Rupam Mahmood

Assistant Professor, Faculty of Science - Computing Science


Assistant Professor, Faculty of Science - Computing Science



Assistant Professor

Canada CIFAR AI Chair

PI RLAI; Fellow at Amii

Department of Computing Science

University of Alberta

Personal website:



My research objective is to understand scalable and general learning mechanisms for continually improving agents. To this end, I develop reinforcement and representation learning algorithms and real-time learning systems for controlling physical robots. Currently, I am working on the following new research program.

Continual robot learning with onboard computers

A crucial aspect of intelligence is the ability to learn continually and adapt to changes while interacting with the environment. Although natural intelligence innately shows such ability, current approaches to artificial intelligence (AI) only exhibit partial ability. Current AI systems do not learn continually as they first learn from a large stored dataset by replaying samples repeatedly and then are deployed in the real world, where they interact and perform, typically without further learning. Continual learning entails simultaneously interacting and adapting to changes while retaining useful past knowledge. My research program aims to develop approaches, algorithms, and real-time systems that enable continual learning for real-world robots using only onboard computers.

While continual learning represents a forefront challenge in contemporary AI research, achieving it is vital for real-time systems such as robots. This endeavor is distinctly challenging, as it requires learning to occur using the resource-constrained onboard computers of robots. These computers cannot support large-scale computation or provide the memory necessary for storing large datasets, both of which are essential for current approaches. Continual robot learning with onboard computers calls for new learning algorithms and a richer understanding of real-time learning systems. This research program aims to understand the challenges of continual learning in current learning approaches and develop algorithms and real-time systems for physical robots to overcome them. Algorithms developed for this effort are scalable, general, and applicable beyond onboard learning, making them suitable for advancing general intelligence through large-scale computation. 


CMPUT 652: Reinforcement Learning with Robots (Fall 2019)

In this course, we will study the foundations of RL to be able to develop policy learning methods and learn about systematic ways of studying a real-time system to reveal the uncertainties involved in real-world tasks.
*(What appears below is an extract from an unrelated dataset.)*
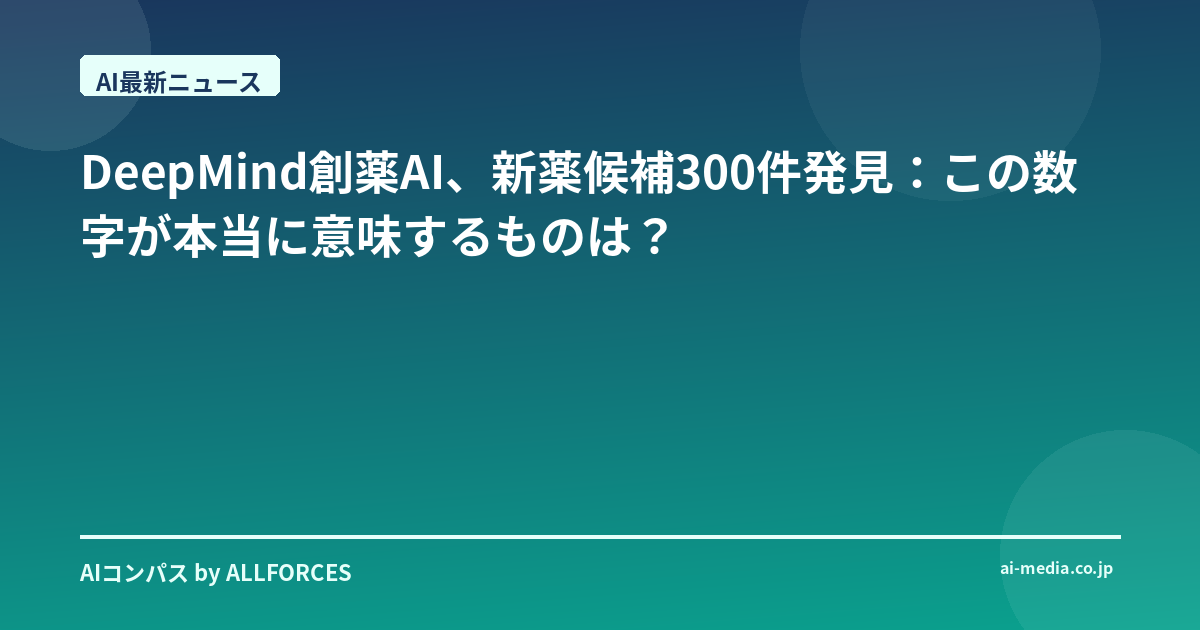 「おいおい、またか!」って正直、最初はそう思ったんですよ。DeepMindが創薬AIで新薬候補を300件も発見したってニュースが流れてきた時、あなたはどう感じましたか?「すごい!」ってシンプルに感動しました?それとも、「またバズワードか」ってちょっと斜に構えました?

This investigation will allow us to understand the differences between real-world and standard simulated tasks so that we can adapt task setups and algorithmic implementations to the real world as well as enhance the simulated tasks to incorporate the additional challenges in real-time systems. En route, we will learn about other promising approaches to learning in robotics that are not performed in real-time, such as learning from demonstration and simulation-to-reality transfer.

CMPUT 397: Reinforcement Learning (Winter 2020)

In this course, we study the design, analysis, and applications of reinforcement learning agents that interact with a complex, uncertain world to achieve a goal. We will emphasize agents that can make near-optimal decisions in a timely manner with incomplete information and limited computational resources. The course will cover Markov decision processes, reinforcement learning, planning, function approximation (online supervised learning) and real-world applications. The course will take an information-processing approach to the concept of mind and briefly touch on perspectives from artificial intelligence, psychology, neuroscience, philosophy, and robotics.

The course will use a recently created MOOC on Reinforcement Learning, created by the Instructors of this course. Much of the lecture material and assignments will come from the MOOC. In-class time will be largely spent on discussion and thinking about the material, with some supplementary lectures.

Pre-requisites: The course will use Python 3. You should either know Python 3 or be sufficiently experienced with programming in other languages that you can learn Python 3 quickly. We will use elementary ideas of probability, calculus, and linear algebra, such as expectations of random variables, conditional expectations, partial derivatives, vectors, and matrices. Students should either be familiar with these topics or be ready to pick them up quickly as needed by consulting outside resources or the teaching assistants.